Does an assumption that people will spend 16 or 20 consecutive years in formal education…and the related assumption that this formal education will be the most important factor in their future success or lack of same…reduce the sense of individual agency? I think it probably does.

Also, this brings us to another factor that Grandallana did not mention, either because he didn’t see it as a problem or because he didn’t dare talk about it: the dominance of a hereditary aristocracy.  I think it’s pretty clear to historians now that one major reason for Spain’s naval failures was that people tended to be placed in command positions because of their titles and bloodlines, rather than their demonstrated competence.

We don’t have a formal aristocracy in the US, of course; indeed, the Constitution explicitly prohibits any such thing.  But while educational credentialism was initially sold as a form of meritocracy, and indeed did initially lead to some progress in that direction, it has devolved in too many cases to a form of aristocracy light, where obtaining the most ‘elite’ credential is largely a matter of conducting your early life in a manner of which admissions officers approve–including demonstrating the ‘right’ social attitudes–and, often, of having the right family and connections, rather than a matter of true performance-related merit.
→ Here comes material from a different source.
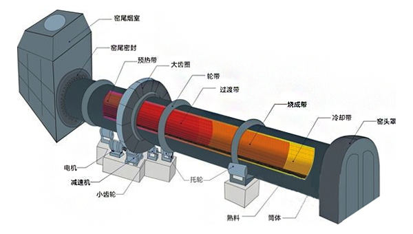 回轉(zhuǎn)窯(旋窯)是一個(gè)有一定斜度的圓筒狀物,斜度為3~3.5%,借助窯的轉(zhuǎn)動(dòng)來(lái)促進(jìn)料在回轉(zhuǎn)窯(旋窯)內(nèi)攪拌,使料互相混合、接觸進(jìn)行反應(yīng)。窯頭噴煤燃燒產(chǎn)生大量的熱,熱量以火焰的輻射、熱氣的對(duì)流、窯磚(窯皮)傳導(dǎo)等方式傳給物料。物料依靠窯筒體的斜度及窯的轉(zhuǎn)動(dòng)在窯內(nèi)向前運(yùn)動(dòng)。

More than 50 years ago, Peter Drucker wrote that a major advantage America had over Europe is that access to key roles in society was not controlled by a admission to a small number of ‘elite’ universities.

The Harvard Law School might like to be a Grande Ecole and to claim for its graduates a preferential position. But American society has never been willing to accept this claim…

American society today is much closer to accepting that and similar claims than it was when Drucker wrote the above in 1969, and I think this has something to do with the dysfunctionality of many of our institutions.

For discussion: How far are we down the road to the kind of environment that Grandallana described? What are the causes, and what are the potential paths for reversal?